I just came back from a three day trip….a getaway of intentional silence. I haven’t heard what silence sounds like in basically eight years. (I got married eight years ago and basically had to listen to myself talk non-stop to my husband because I had a secret belief that I had to fill him in on the first 31 years of my life that we spend apart.) Talk, talk, talk.
And then, I had four children. Now the continual volume in my home is like standing in Time’s Square. Not only that, but any perceived moments of silence, such as nap time, is immediately filled with me making phone calls, reading emails, texting, or my favorite, listening to audiobooks.

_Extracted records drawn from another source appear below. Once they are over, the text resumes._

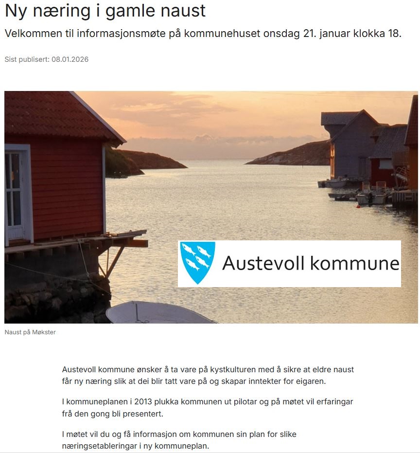 Den siste tida har ein registrert at fleire er opptatt av framtida til nautmiljøa . Tilstanden er framleis for nedadgåande sjølv om der har vore skrive og sagt mange fine ord om naust og kystkultur. Austevoll kommune ser no at nausta har ein verdi og dette vil bli drøfta på møte i 21. januar.
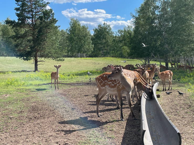 Долгим протяжным звуком лесничий кричит в сторону леса. Звук похож на тот, что издает Тарзан. Всей группой ускоряем шаг, чтобы увидеть, кто же отзовется. Из леса выбегает небольшое стадо на тонких ножках. Коричневые, почти рыжие, с белыми пятнами, маралы мчатся к кормушке, куда лесник высыпает овес. Олени принимаются за обед, и вся группа взрывается умиляющимся возгласом: "Какие красивые!"
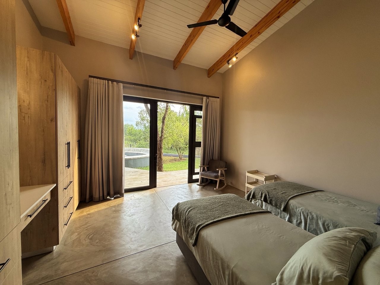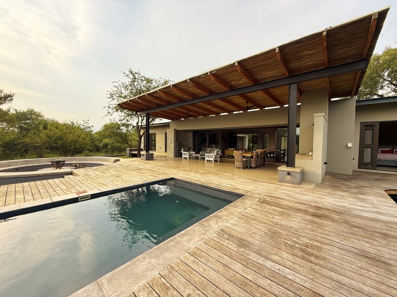 The home features three spacious en-suite bedrooms, all with exposed trusses, including a private master suite with outdoor shower. The open-plan living, dining and kitchen area flows effortlessly onto a covered patio, sun deck and pool, ideal for relaxed bushveld living and entertaining.
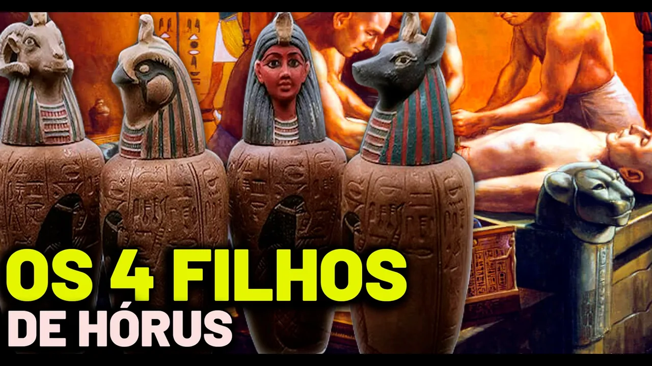 importante na cerimônia os principais órgãos eram colocados em vasos chamados canópus que ficavam ao lado do sarcófago e eram protegidos por quatro deuses os filhos de Oros cada um era responsável por um órgão e o selava para facilitar a libertação da alma do seu aspecto físico além da Purificação do corpo a presença dessas divindades era essencial para garantir a passagem da alma para o mundo dos mortos Mas quem eram os filhos de Oros e qual era a sua conexão com os rituais funerários de acordo com o mito os filhos de Oros não descendem diretamente do

When God and my dear family gave me the opportunity to get away by myself for three days….I was ecstatic!
I was completely in heaven for the first 24 hours and then something new took place….discipline. I actually had to use will power to avoid snapping on the TV the moment I got back to my hotel room. Yes, silence got old after exactly 24 hours and five minutes away from my family. I had to use inner strength to website stay off Facebook. I had to choose not to text all my friends, read my email, the news, my kindle books and audiobooks. It wasn’t easy.
I learned big gentle lessons in the silence. I realized I put learning (all I could from the world) before listening. It’s so east to ask people what they think or read blogs or text my friends for immediate answers. I is so easy I realized I was putting my first source of wisdom last. I can’t text God. I fire off questions but He doesn’t immediately respond. Often, I have to wait, be quiet and listen. I’m not good at those things.
I the quiet I reconnected. I prayed, I talked with God and I did a lot of listening and sitting still in silence.
In the silence, I heard a lot of things. Quiet little whispers.
Now, I’m back home in the fray but determine to figure out how to build silence, sitting still and listening back into my life. I need it. Yes, I need it more than I even know.